Exclude the pictures from your copy, and reproduce each entry below verbatim.

**Extracted material**

________

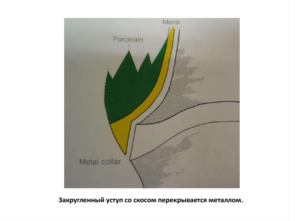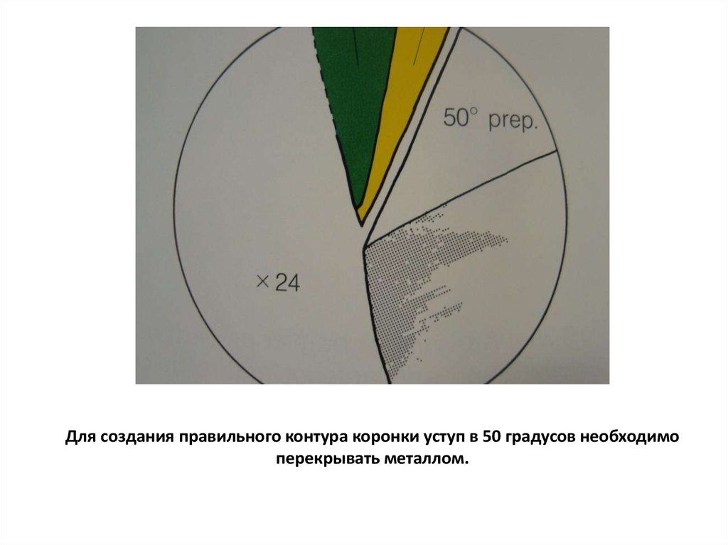 Для создания правильного контура коронки уступ в 50 градусов необходимоперекрывать металлом.
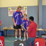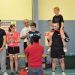 Tout le monde s’est bien amusé et les parents même non pongistes se sont pris au jeux. Notre nouveau podium a été étrenné par la famille de son concepteur et artisan réalisateur, car chez les moins de 10 ans c’est Lison et Anthony qui montent sur la plus haute marche du podium, et chez les plus de 10 ans Adrien avec Carmello (car son papa engagé avec sa fille, aussi à la table de marque et à l’organisation, avait exceptionnellement laissé ses 3ème et 4ème bras à la maison).
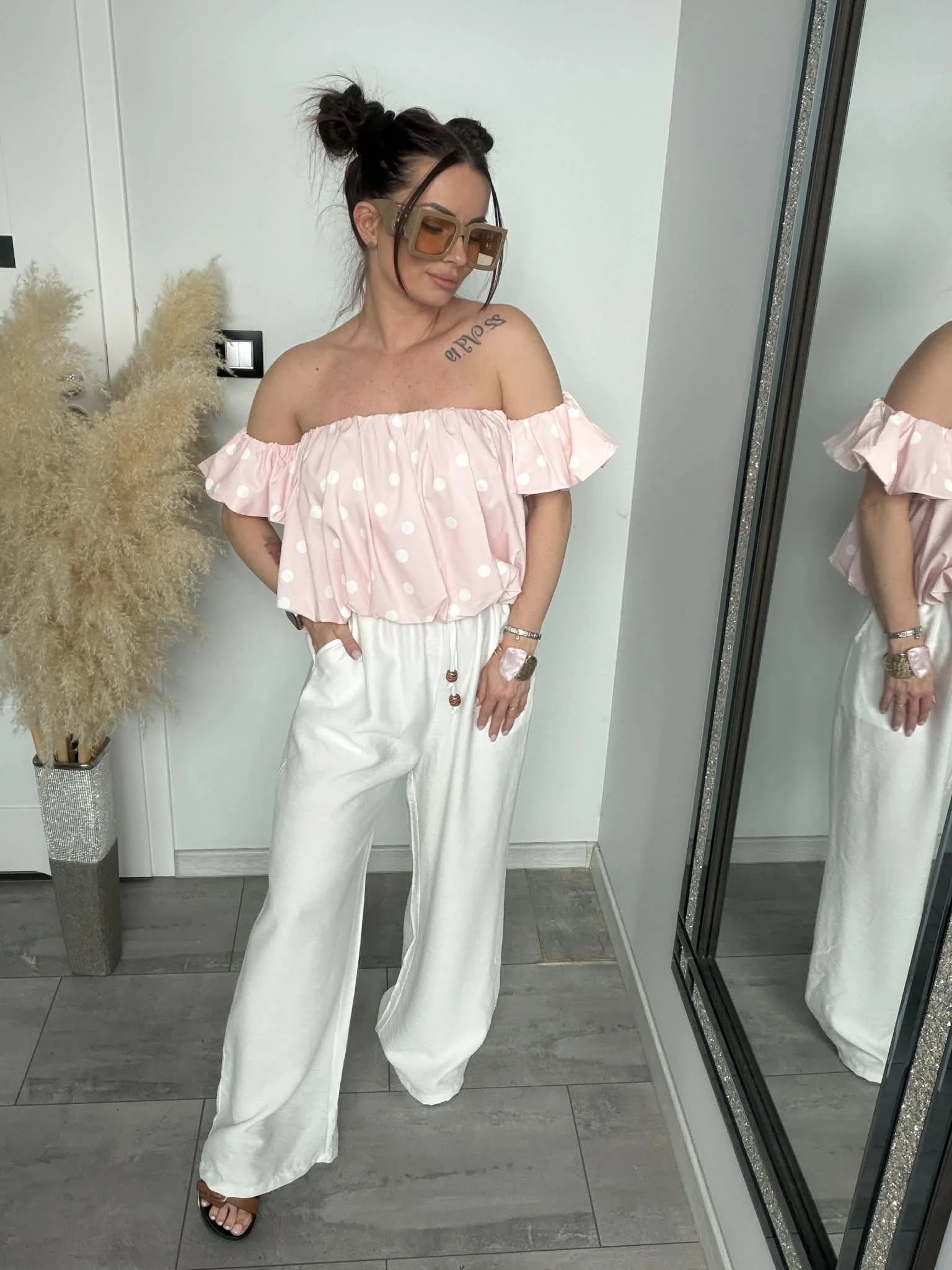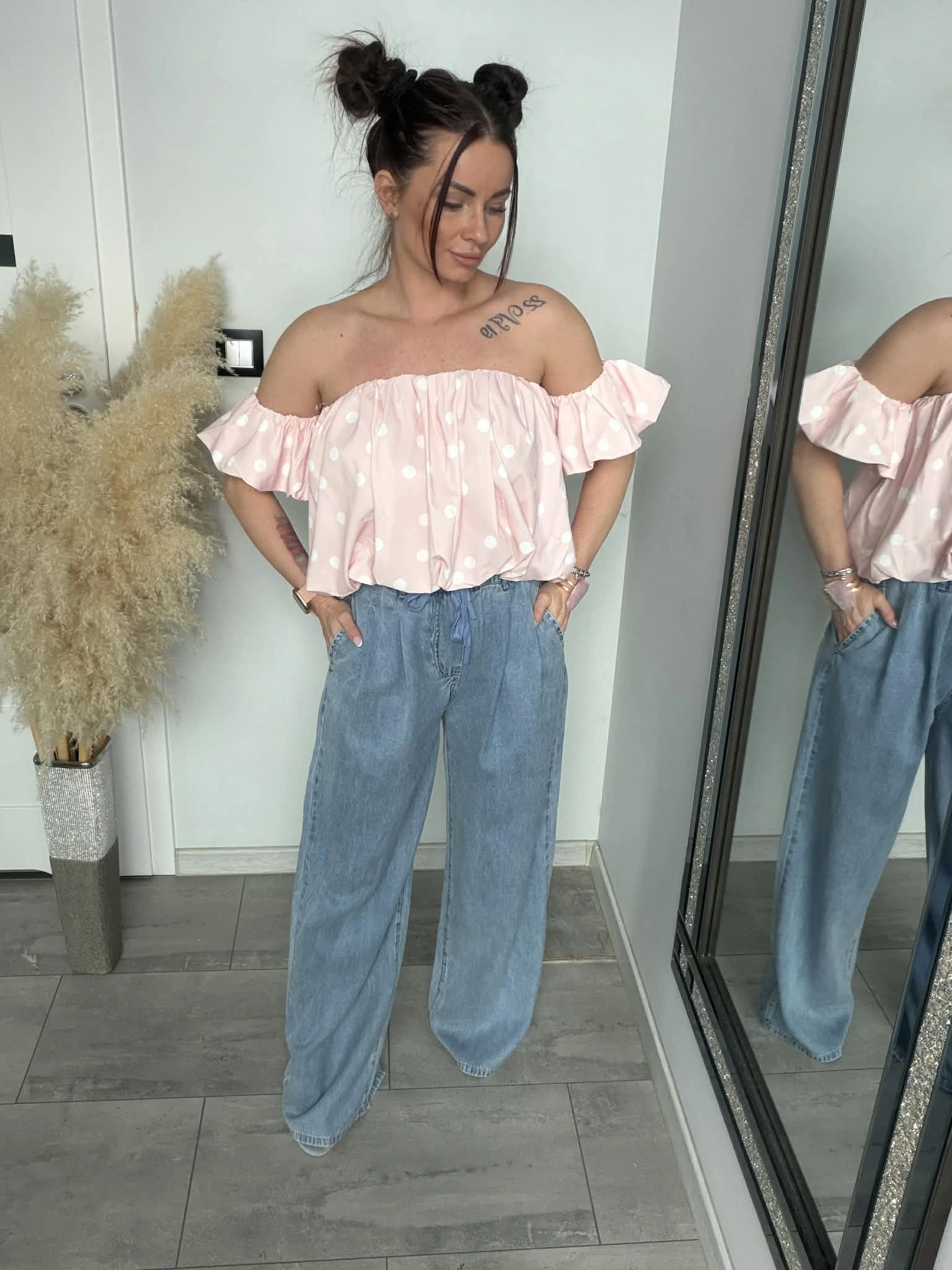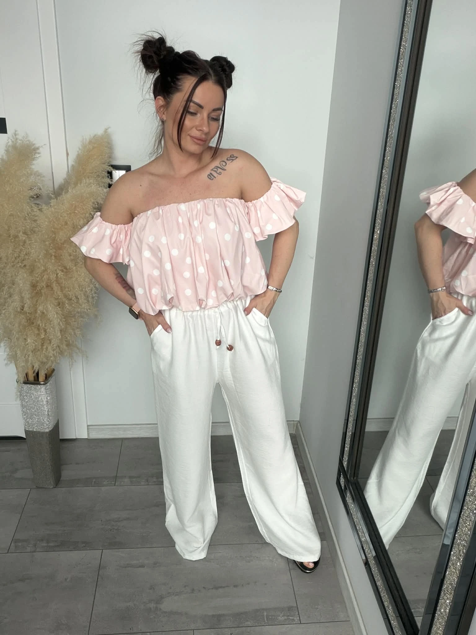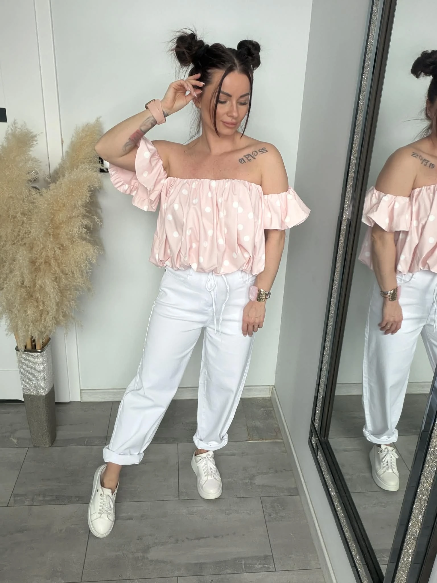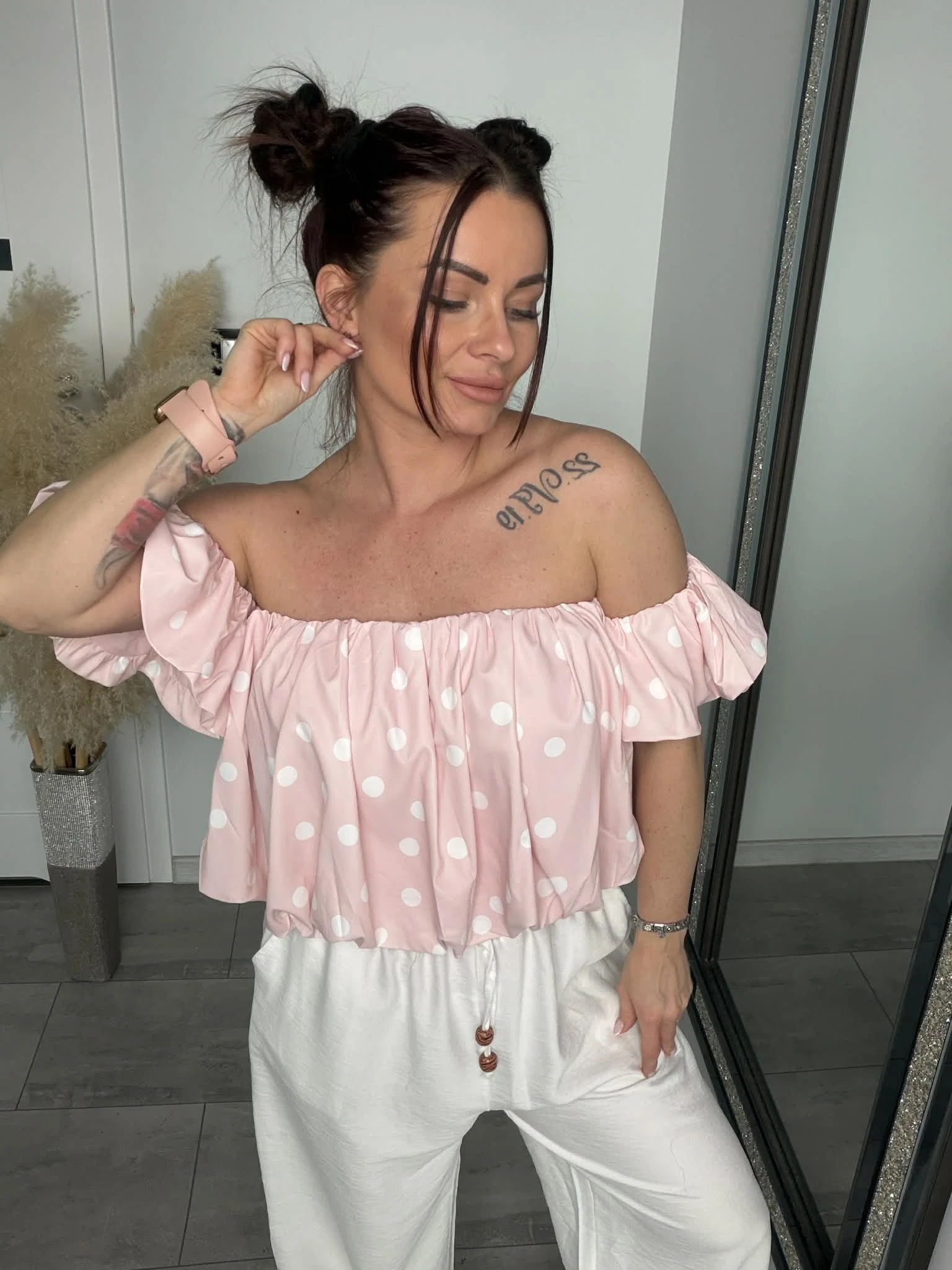 Bluzka hiszpanka MARLEN w groszki pudrowy róż
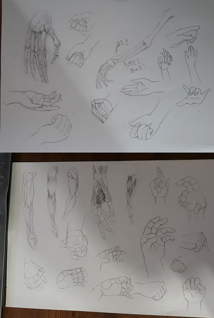안녕하세요. 선생님 ^^오늘은 손 드로잉을 들었습니다. 사실 인체드로잉을 배우려고 맘먹은 계기가 손과 팔 동작을 자유자재로 그리고 싶어서이기도 합니다. 전체적인 인체그림도 마찬가지구요.뼈대부터 배우니 그리기가 더 수월해진거같습니다. : )그리고 오늘 중요한 실습으로 손을 덩어리로 생각하여 그리니 훨씬 쉽네요. 좋은강의 감사합니다.그럼 추운날씨에 감기 조심하세요~* 맨위에 작은 손그림들은 강의를 보고 그린게 아니라 어설프네요. ㅎㅎ
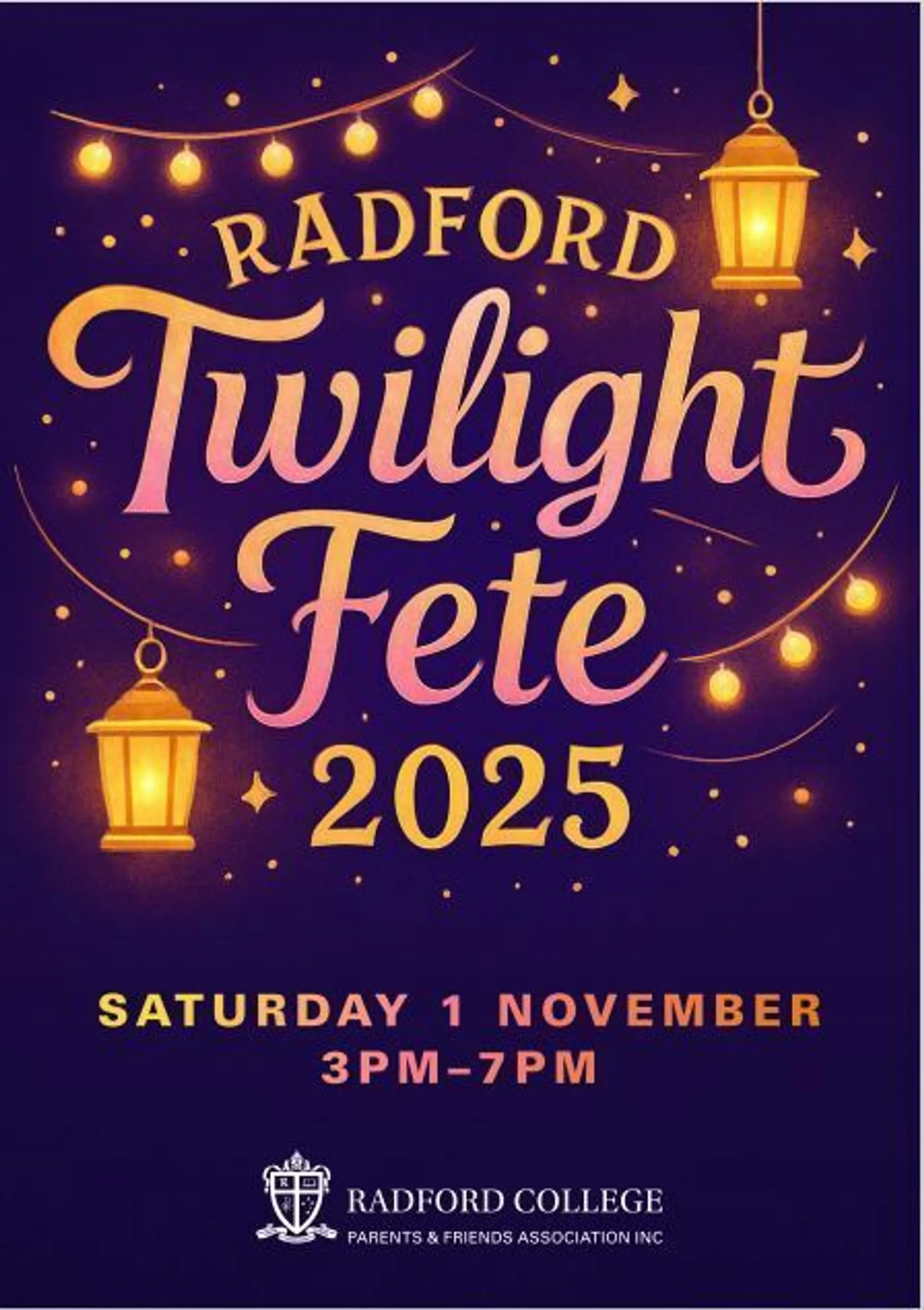 - Radford College Twilight Fete (save the date) – Saturday, 1 November – 3:00 pm to 7:00 pm
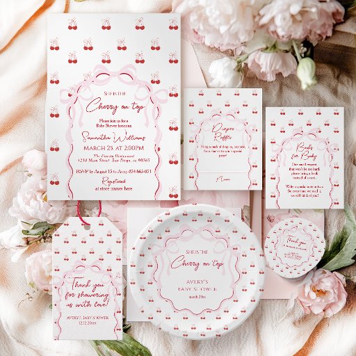 Cherry on Top Pink Bow Red Baby Girl ShowerDesignt von Katerina Shramenko
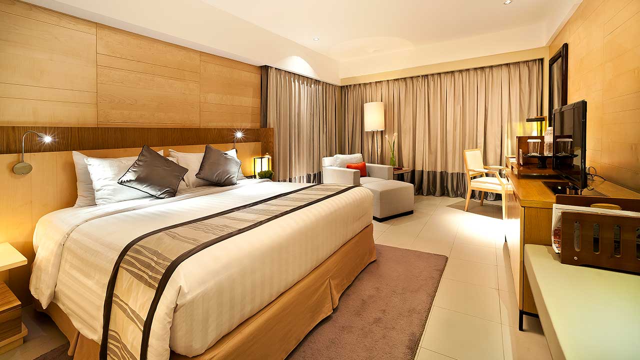Elegan dan fungsional, perpaduan tempat tidur mewah dengan pemandangan menakjubkan. Jika Anda sedang berlibur atau melakukan perjalanan bisnis, maka kamar dengan sentuhan klasik ini sesuai dengan kebutuhan Anda.
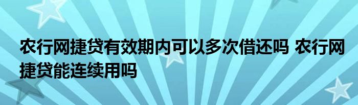 导读 大家好,小理来为大家解答以上的问题。农行网捷贷有效期内可以多次借还吗,农行网捷贷能连续用吗这个很多人还不知道,现在让我们一起来看看吧
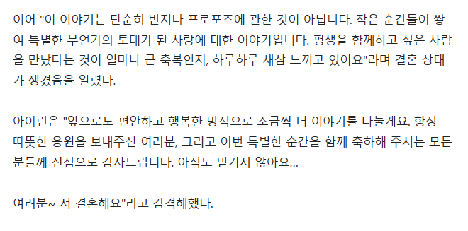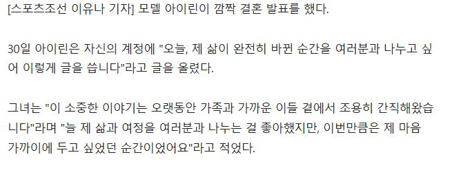 아이린, 열애설 없이 깜짝 결혼 발표 "평생 함께하고픈 사람 만났다"

________

**Result of this task**
 Для создания правильного контура коронки уступ в 50 градусов необходимоперекрывать металлом.
 Tout le monde s’est bien amusé et les parents même non pongistes se sont pris au jeux. Notre nouveau podium a été étrenné par la famille de son concepteur et artisan réalisateur, car chez les moins de 10 ans c’est Lison et Anthony qui montent sur la plus haute marche du podium, et chez les plus de 10 ans Adrien avec Carmello (car son papa engagé avec sa fille, aussi à la table de marque et à l’organisation, avait exceptionnellement laissé ses 3ème et 4ème bras à la maison).
 Bluzka hiszpanka MARLEN w groszki pudrowy róż
안녕하세요. 선생님 ^^오늘은 손 드로잉을 들었습니다. 사실 인체드로잉을 배우려고 맘먹은 계기가 손과 팔 동작을 자유자재로 그리고 싶어서이기도 합니다. 전체적인 인체그림도 마찬가지구요.뼈대부터 배우니 그리기가 더 수월해진거같습니다. : )그리고 오늘 중요한 실습으로 손을 덩어리로 생각하여 그리니 훨씬 쉽네요. 좋은강의 감사합니다.그럼 추운날씨에 감기 조심하세요~* 맨위에 작은 손그림들은 강의를 보고 그린게 아니라 어설프네요. ㅎㅎ
 - Radford College Twilight Fete (save the date) – Saturday, 1 November – 3:00 pm to 7:00 pm
 Cherry on Top Pink Bow Red Baby Girl ShowerDesignt von Katerina Shramenko
Elegan dan fungsional, perpaduan tempat tidur mewah dengan pemandangan menakjubkan. Jika Anda sedang berlibur atau melakukan perjalanan bisnis, maka kamar dengan sentuhan klasik ini sesuai dengan kebutuhan Anda.
 导读 大家好,小理来为大家解答以上的问题。农行网捷贷有效期内可以多次借还吗,农行网捷贷能连续用吗这个很多人还不知道,现在让我们一起来看看吧
 아이린, 열애설 없이 깜짝 결혼 발표 "평생 함께하고픈 사람 만났다"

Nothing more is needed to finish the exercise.